* PROBLEM DESCRIPTION: Within the lines below, the span from the line with "3月31日,温职院的同学们兵" to the line with "3. Dokumen berikut", both ends included, is to be reproduced exactly, with pictures omitted.

* EXTRACTED ENTRIES:
________________________________________

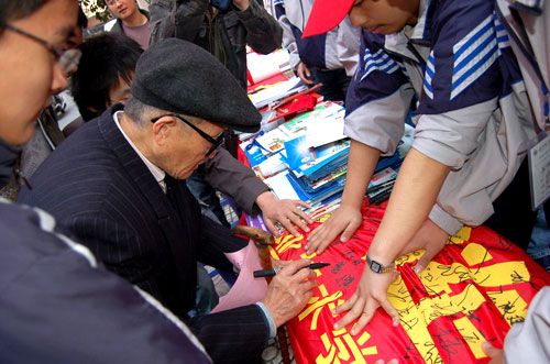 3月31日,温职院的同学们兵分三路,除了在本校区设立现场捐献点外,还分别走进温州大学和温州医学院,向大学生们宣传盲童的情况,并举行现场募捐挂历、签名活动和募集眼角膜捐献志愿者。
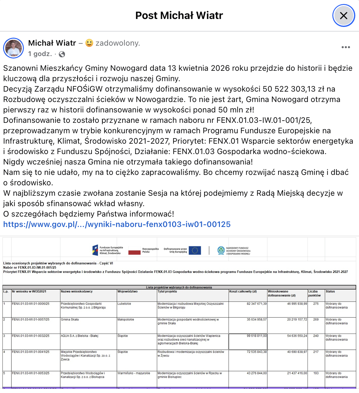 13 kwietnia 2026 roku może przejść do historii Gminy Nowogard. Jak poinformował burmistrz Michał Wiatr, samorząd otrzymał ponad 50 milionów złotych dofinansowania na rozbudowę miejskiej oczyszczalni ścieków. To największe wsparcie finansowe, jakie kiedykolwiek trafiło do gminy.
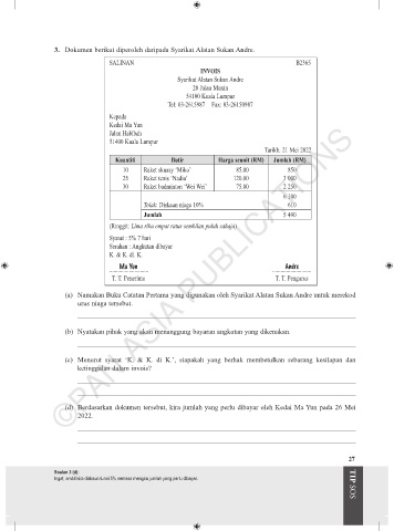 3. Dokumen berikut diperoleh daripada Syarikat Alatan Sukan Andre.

________________________________________

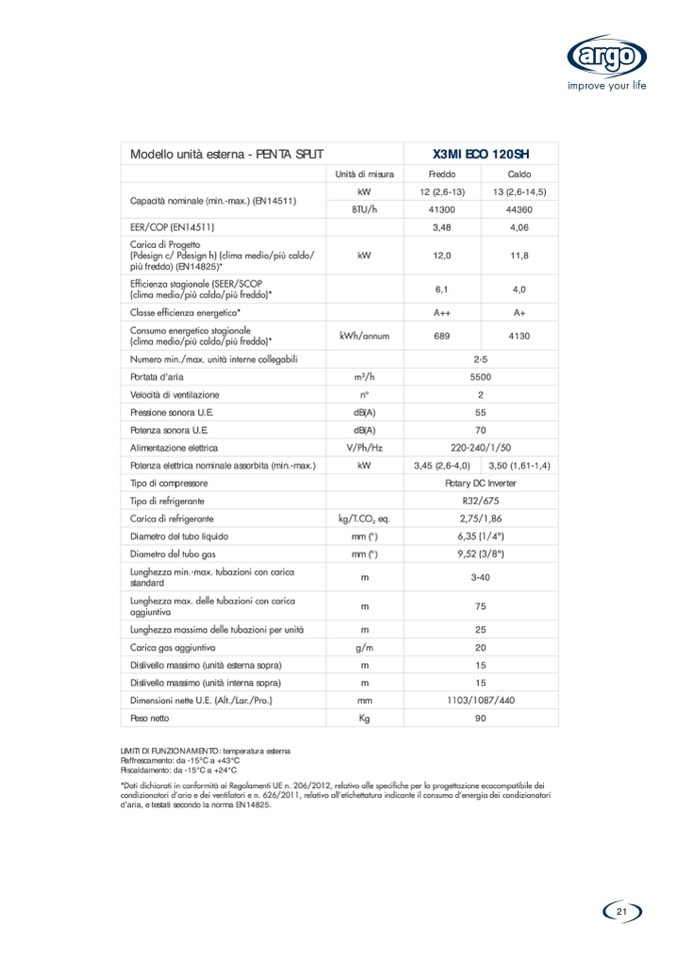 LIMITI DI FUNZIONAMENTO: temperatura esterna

________________________________________

* WRITTEN RESPONSE:
 3月31日,温职院的同学们兵分三路,除了在本校区设立现场捐献点外,还分别走进温州大学和温州医学院,向大学生们宣传盲童的情况,并举行现场募捐挂历、签名活动和募集眼角膜捐献志愿者。
 13 kwietnia 2026 roku może przejść do historii Gminy Nowogard. Jak poinformował burmistrz Michał Wiatr, samorząd otrzymał ponad 50 milionów złotych dofinansowania na rozbudowę miejskiej oczyszczalni ścieków. To największe wsparcie finansowe, jakie kiedykolwiek trafiło do gminy.
 3. Dokumen berikut diperoleh daripada Syarikat Alatan Sukan Andre.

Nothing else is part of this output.